We now directly compare the average scores from both models to fulfill the final requirement of the task.

In [7]:
comparison_df = pd.DataFrame([lr_avg_scores, svm_avg_scores],
                             index=['Logistic Regression', 'SVM'])

print("--- Side-by-Side Model Comparison (Average CV Scores) ---")
display(comparison_df)

print("\n--- Discussion ---")
best_f1_model = comparison_df['Avg F1-Score'].idxmax()
print(f"Based on the average F1-score, the {best_f1_model} performed slightly better. ")
print("Both models achieved excellent performance (>97% accuracy), suggesting that TF-IDF features are highly effective for this topic classification task.")
print("The slight edge for SVM is common in high-dimensional text classification, as SVMs are powerful at finding optimal separating hyperplanes in such feature spaces.")

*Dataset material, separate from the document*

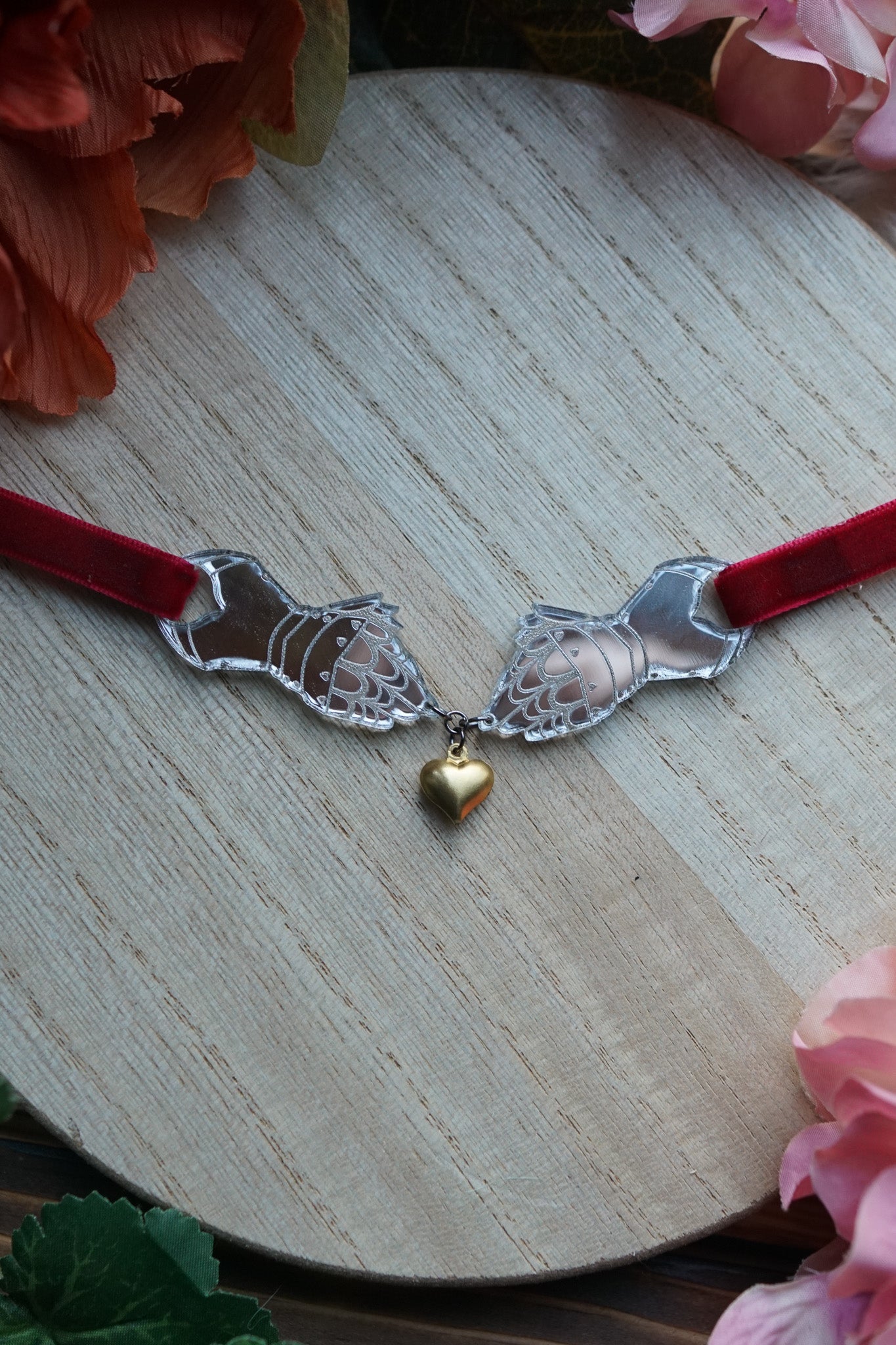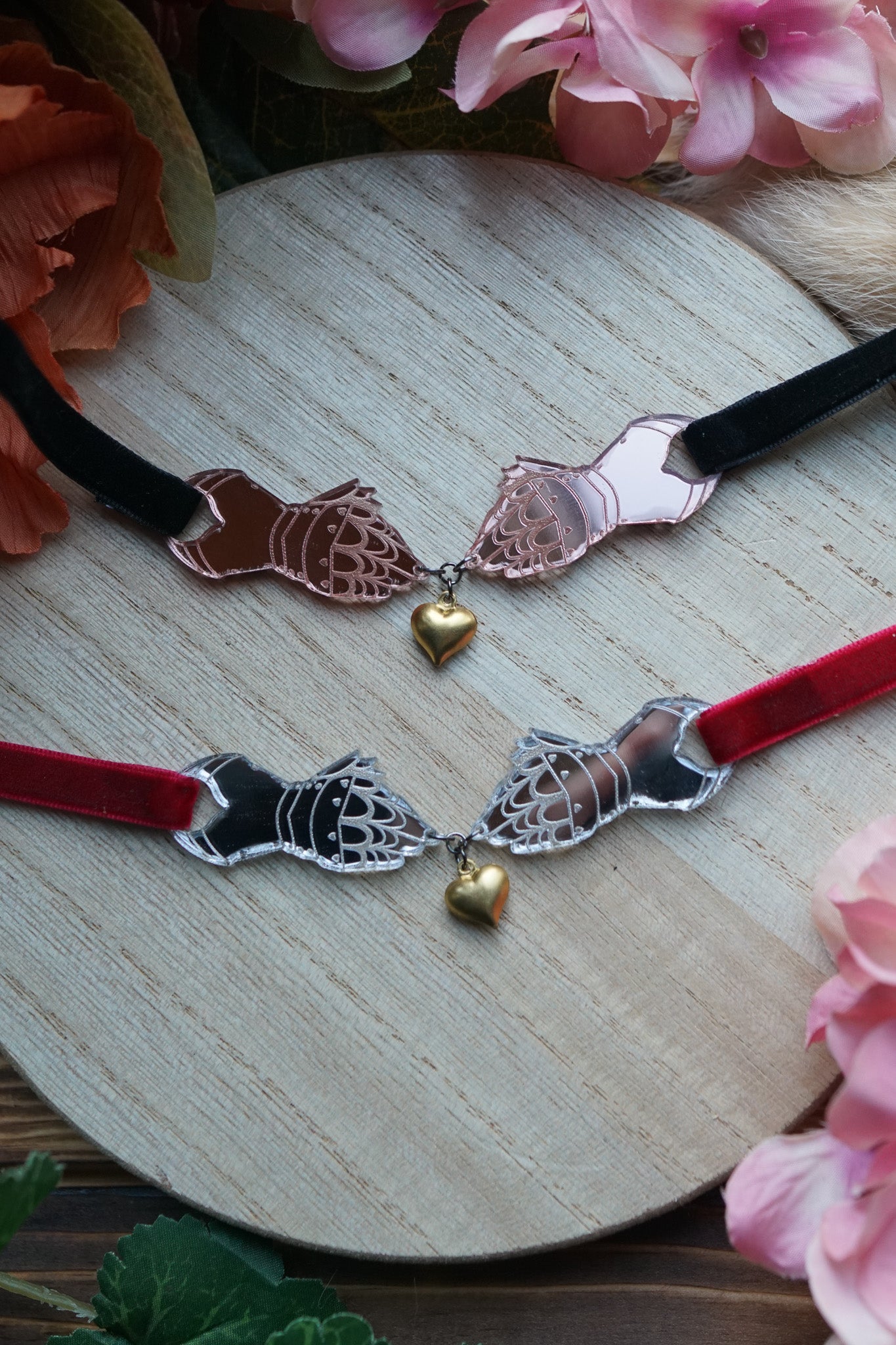The Knight's Love Choker is made with two intricate acrylic gauntlets and red velvet ribbon, measuring about 16" around.

--- Side-by-Side Model Comparison (Average CV Scores) ---


Unnamed: 0,Avg Accuracy,Avg Precision,Avg Recall,Avg F1-Score
Logistic Regression,0.974157,0.975409,0.972905,0.97394
SVM,0.975843,0.976554,0.974666,0.975386



--- Discussion ---
Based on the average F1-score, the SVM performed slightly better. 
Both models achieved excellent performance (>97% accuracy), suggesting that TF-IDF features are highly effective for this topic classification task.
The slight edge for SVM is common in high-dimensional text classification, as SVMs are powerful at finding optimal separating hyperplanes in such feature spaces.


### 8. Save Final Models for Future Use


In [8]:
lr_classifier.fit(X_train, y_train)
svm_classifier.fit(X_train, y_train)

with open('tfidf_vectorizer.pkl', 'wb') as f:
    pickle.dump(vectorizer, f)

with open('logistic_regression_model.pkl', 'wb') as f:
    pickle.dump(lr_classifier, f)

with open('svm_model.pkl', 'wb') as f:
    pickle.dump(svm_classifier, f)

print("Vectorizer and both final models have been saved successfully to disk.")

Vectorizer and both final models have been saved successfully to disk.